Streams and Monk – How Yelp is Approaching Kafka in 2020
Flavien Raynaud, Software Engineer
- Jan 22, 2020
We launched our very first Kafka cluster at Yelp more than five years ago. It was not monitored, did not expose any metrics, and we definitely did not have anyone on call for it. One year later, Kafka had already become one of the most important distributed systems running at Yelp, and today has become one of the core components of our infrastructure.
Kafka has come a long way since the 0.8 version we were running back then, and our tooling (some of it open-source) has also significantly improved, increasing reliability and reducing the amount of operational work required to run our clusters. We can now scale clusters with a single configuration push, load balance and decommission brokers, automatically trigger rolling-restarts to pick up new cluster configuration, and more. Our production Kafka clusters transport billions of messages every day, with little to no operational load on the team.
While most of the improvements to our streaming infrastructure have been gradual and incremental, we recently went through a major redesign that significantly changed the way we manage our clusters and how we interact with them.
Why the Change?
One of the core values of Yelp infrastructure engineers is developer velocity: developers should be able to use the technology we provide with as little effort as possible. Providing Kafka as a service by hosting and maintaining Kafka clusters that other teams could directly access was our first approach, and allowed us to quickly power many critical use cases.
However, one of the first issues we encountered with this approach was that not everyone is (or should be) a Kafka expert. Configuring producers, consumers, and topics to get exactly the reliability and delivery semantics that developers want imposes a significant load on any team using Kafka. Additionally, the right configuration is a moving target, as new parameters are constantly being added and new best practices discovered.
Upgrading Kafka has also proved to be a challenging endeavour, especially with hundreds of services–spread across different client library versions and different languages–depending on it.
Our deployment also had a few significant obstacles.
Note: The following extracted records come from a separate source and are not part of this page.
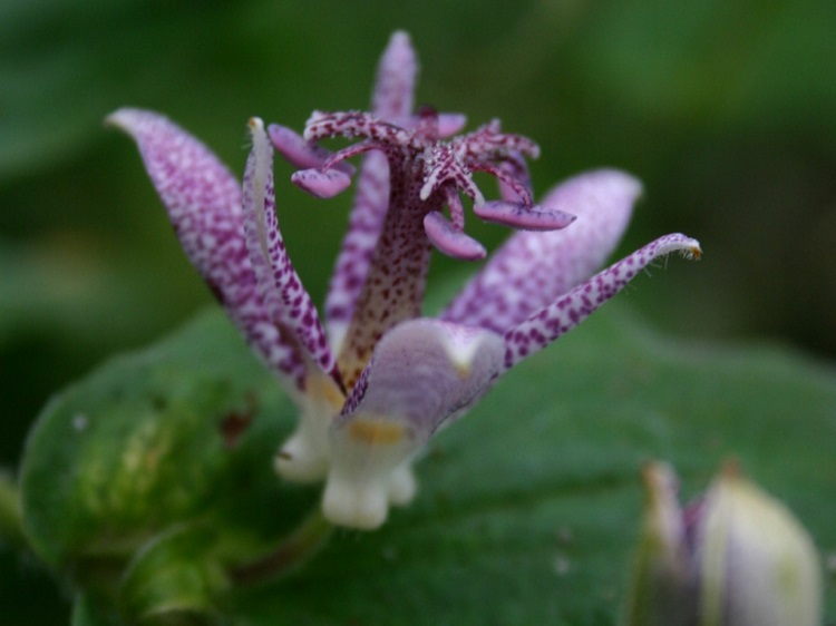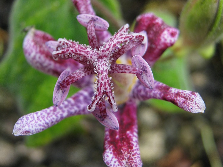 and their label says: "New Toadlily. This form has purple-pink flowers with darker spots. Flowers September - October. Shade 70cm." Writing on Dave's Garden in 2008, Tamara Galbraith said: "Another problem with toad lilies that has recently been discovered is Tricyrtis Floral Virus. The disease seems to have spread from the Tricyrtis 'Raspberry Mousse' hybrid, and can cause an unusual blotchy color to develop in infected plants, mostly the purple-flowered types." Promesse de Fleurs say: "A superb selection with burgundy red flowers punctuated with white spots. This Japanese perennial, with a very exotic appearance, is nonetheless a sturdy and hardy species that displays a unique and delightful flowering in the freshness of the undergrowth. Its flowers, resembling small speckled lilies, appear in late summer, carried by flexible stems adorned with beautiful glossy leaves. Very long-lasting in humus-rich and moist soil." |
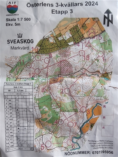Öppen klass "Svår 5 km". 5120 m. Tid 60.07. Lade bort max 3 minuter tot.
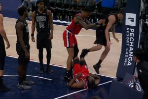 GIF-杰明保護哈登 科林斯誤會了 直接推飛杰明 曼恩也推了科林斯一把 雙方技犯
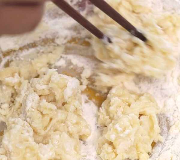 先用筷子拌成團。
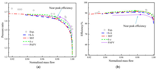 Performance curves of NASA Rotor 67 calculated by four turbulence models versus experimental values. (a) Pressure ratio (b) efficiency.
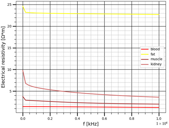 However, in order to achieve high accuracy of determining the amount of blood per 100 G of kidney tissues using attached non-invasive electrodes, it is required to develop a detailed specific mathematical model of the region of interest as well as a method to eliminate the effect of surrounding organs and tissues. Improvement of this technique can allow its application for monitoring patients undergo different type of cardiovascular surgeries, who need a monitoring to prevent the acute kidney injury, which is a common complication after cardiac surgery and is associated with increased morbidity and mortality and increased length of stay in the intensive care unit [8]. Furthermore, the develop of such system with precise measurements can be used for acute kidney allograft rejection diagnosis. In related previous work [9] belongs to the authors of this paper, different biophysical models were considered to describe the kidney and take in to the account the electro physiological parameters, and the depth of kidney. Nevertheless, these models are more reliable for non-obese patients and children because as the kidneys are located deeper the impact of the surrounding tissues become greater and hence leads to an error of determining the amount of blood per 100 G of kidney tissues. However, the desirable area to acquire the electrical impedance signal can be presented as a multi-layered model; these layers specify the biological tissues of the region of interest, which are: the skin, subcutaneous fat layer, the soft muscle layer, the fat layer around the kidney, and the kidney layers. According to the analysis of the electrical properties of biological tissues at several excitations frequencies that has been considered in related works [9,10], it was concluded that the most adequate frequency range is 80–100 kHz where active resistance is the main component of impedance. Thus, at lower frequencies the impact of capacitive part increases, which is determined by the heterogeneity of tissue structures in the region of interest, furthermore the low frequencies can cause seizures and polarizing electronic phenomena. Thus, an electrical current with 100 kHz has been used during this study. Figure 1 shows the electrical resistivity of biological tissues in the study area in different frequencies including 100 kHz [11]. Four electrode system configuration was proposed in this study to provide the desired accuracy for bio-impedance measurement, thus two outer electrodes are used to inject a small alternating current into the human body the voltage drop is measured to calculate the complex impedance [12].

We had one main cluster per geographical region, where the majority of our topics were stored, and while this approach worked well initially by simplifying discovery, we soon ran into its limitations:
- Clusters were getting big and difficult to maintain. Operations such as rolling restarts and computation of the best partition allocation for cluster balancing became increasingly slow.
- A very wide variety of critical and non-critical topics were sharing the same resources. Information on the criticality of topics was not always available, making it hard to understand the impact of having some of those topics degraded during incidents.
It eventually became clear that giving direct access to Kafka clusters and configuration was not going to scale well in terms of data volume, developers, and clusters. Some fundamental changes had to be made.
Know Your Streams
To increase isolation between clients and clusters, we decided to create a level of abstraction in the middle that we call a logical stream. Here is a high level comparison between topics and logical streams:
|Lives in a specific cluster||Cluster-agnostic|
|Low-level topic configuration||High-level stream properties|
|Low-level consumer/producer configuration||Producers and consumers configured automatically|
The most important aspect of the new abstraction is that we now know what high-level properties a stream needs. Given these properties, everything else falls into place. So, what are they? We have identified a few that can be used to classify streams and will discuss the two most important ones, policy and priority, in the next section.
All streams are not created equal: some favor consistency over availability and are willing to trade performance for certainty of delivery. As a hypothetical example, consider a food ordering scenario where Kafka is used to store transactions: the backend service that takes care of handling the order needs to be sure that the order transaction was securely stored for later processing. We definitely do not want our customers getting “hangry” while waiting for an order that will never arrive! If Kafka is not able to reliably store the message, we would rather show an error message to the user than fail silently. We call this category of streams “acked.”
The other big category contains streams that favour availability over consistency, where performance is more important than being able to react to failure. As a simple example, think of a user checking in to a local business: if Kafka is not available, we want to be able to store that event somewhere and flush it to Kafka when it recovers. If Kafka cannot receive data, there is not much the producer code can do other than retrying, and we definitely do not want to block the user until the click has been registered. We call these streams “fire and forget.”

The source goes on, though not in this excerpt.